Франц оторвался от перил, вышел во двор. А когда взялся за ручку двери, узнал давешнего еврея из соседнего дома.
— Отвяжись ты от меня! Чего пристал?
— Ах, да ничего, так вы же все кряхтите, стонете, уж и спросить нельзя, что с вами?
А в приоткрытую дверь ворвалась улица, все те же дома, снующие туда и сюда люди, сползающие крыши. Франц распахнул дверь, и во двор, а еврей ему вдогонку:
— Ну-ну, что случилось? Не так уж все плохо. Не пропадете. Берлин велик. Где тысячи живут, — проживет еще один.
Двор темный, глубокий, как колодец. Франц остановился возле мусорного ящика. И вдруг громко запел; песня ударила в стены. И шляпу снял, как шарманщик.
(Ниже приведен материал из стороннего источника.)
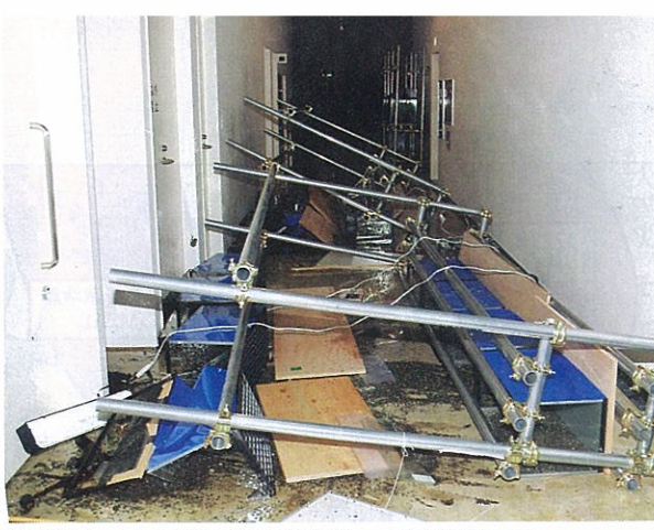
森の学校キョロ口では展示物の水槽が倒れ、大きな被害を受けた
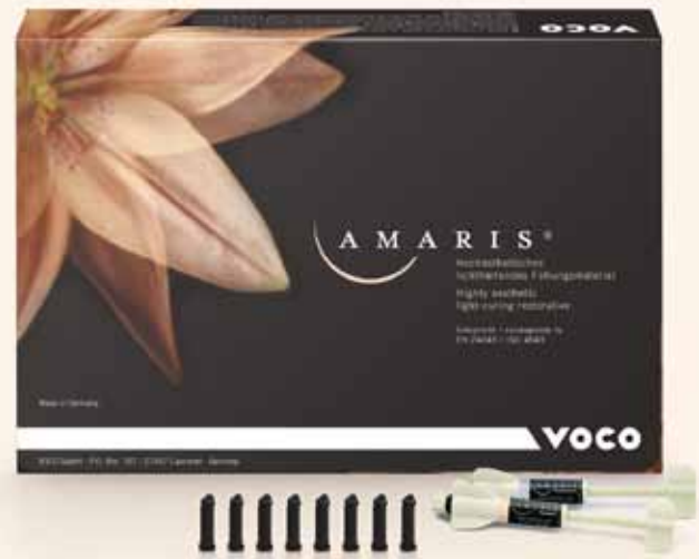
Restauración de los dientes anteriores con Amaris

El objetivo del creador de Amaris era lograr ajustarse en la mayor medida posible al diente natural. El Dr. Reinhard Maletz, jefe del área de Investigación y Desarrollo, explica: «El concepto de Amaris está enfocado a la estratificación y coloración naturales, no a un estándar industrial predeterminado. Amaris permite una transición fluida del color y una adaptación armoniosa a la sustancia dental circundante. Las restauraciones elaboradas con Amaris presentan una proporción natural entre opacidad y translucidez, así como una excelente fluorescencia y dinámica de luz. Gracias a ello, no es posible diferenciarlas de los dientes naturales».
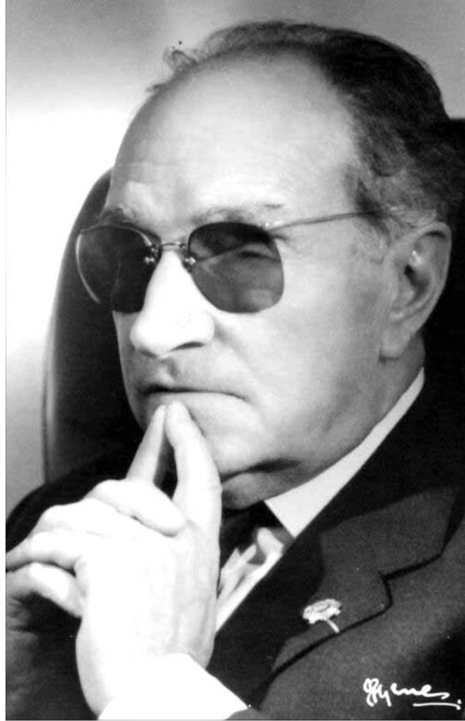
Joaquin RODRİGO (1901-1999)

22 Kasım 1901, Sagunto, İspanya – 6 Temmuz 1999, Madrid, İspanya.
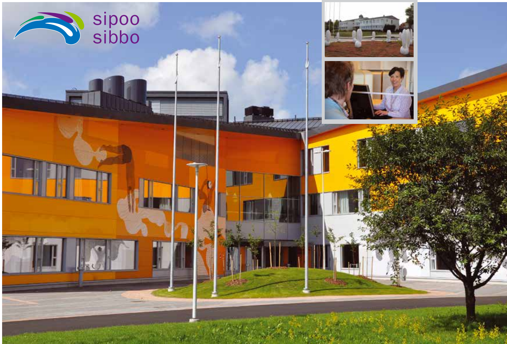
Nickby Hjärta - Nikkilän Sydän

Звуки эхом отражались от стен. Здорово! Собственный голос звенел у него в ушах. Он пел во все горло, так в тюрьме не позволили бы петь. Что за песня билась в стену? «Несется клич, как грома гул…» Четко, бодро — как в строю! А припев «Ювиваллераллера» — из другой песни. Никто не обращал на него внимания. У ворот его встретил еврей.
— Вы хорошо пели. Вы очень хорошо пели! С таким голосом, как у вас, можно золотом набить карманы.
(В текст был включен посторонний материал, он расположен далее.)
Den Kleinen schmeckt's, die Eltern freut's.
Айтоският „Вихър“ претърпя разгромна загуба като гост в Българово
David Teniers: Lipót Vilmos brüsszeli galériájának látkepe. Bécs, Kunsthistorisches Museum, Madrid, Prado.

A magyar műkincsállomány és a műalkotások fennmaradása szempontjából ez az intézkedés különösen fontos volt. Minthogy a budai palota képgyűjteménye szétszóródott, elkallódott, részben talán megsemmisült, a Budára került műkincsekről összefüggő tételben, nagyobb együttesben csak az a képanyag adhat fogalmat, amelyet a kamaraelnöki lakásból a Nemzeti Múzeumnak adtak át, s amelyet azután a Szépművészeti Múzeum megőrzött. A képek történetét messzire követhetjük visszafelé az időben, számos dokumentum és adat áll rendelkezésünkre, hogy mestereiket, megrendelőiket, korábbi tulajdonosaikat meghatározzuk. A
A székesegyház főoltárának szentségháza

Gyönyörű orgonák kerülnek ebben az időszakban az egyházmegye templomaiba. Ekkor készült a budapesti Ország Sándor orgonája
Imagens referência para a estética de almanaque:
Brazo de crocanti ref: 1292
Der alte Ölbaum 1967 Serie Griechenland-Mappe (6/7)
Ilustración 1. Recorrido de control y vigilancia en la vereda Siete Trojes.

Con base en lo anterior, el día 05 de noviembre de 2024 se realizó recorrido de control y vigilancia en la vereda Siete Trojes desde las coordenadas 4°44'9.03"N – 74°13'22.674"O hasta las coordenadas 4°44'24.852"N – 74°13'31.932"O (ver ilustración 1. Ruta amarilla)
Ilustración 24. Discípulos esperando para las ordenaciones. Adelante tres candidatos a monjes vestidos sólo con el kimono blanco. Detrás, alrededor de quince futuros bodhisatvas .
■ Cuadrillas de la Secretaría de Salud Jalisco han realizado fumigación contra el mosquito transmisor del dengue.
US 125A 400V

Еврей пошел за ним, взял его под руку и, без умолку болтая, потащил его по улице вперед; так вместе и свернули они на Горманнштрассе — еврей и плечистый, рослый парень в макинтоше. Парень шел крепко стиснув зубы, словно его вот-вот вырвет желчью.
ВСЕ ЕЩЕ НЕ ПРИШЕЛ В СЕБЯ
Еврей привел его в какую-то комнату, где топилась железная печка, усадил на диван.
— Ну, вот мы и на месте. Присаживайтесь. Шляпу можете снять, а можете и не снимать, как угодно. Посидите, а я только позову кое-кого, кто вам понравится. Сам я здесь не живу, знаете, я здесь только гость, как и вы… Ну, и, как это бывает, один гость другого тянет, если в доме тепло.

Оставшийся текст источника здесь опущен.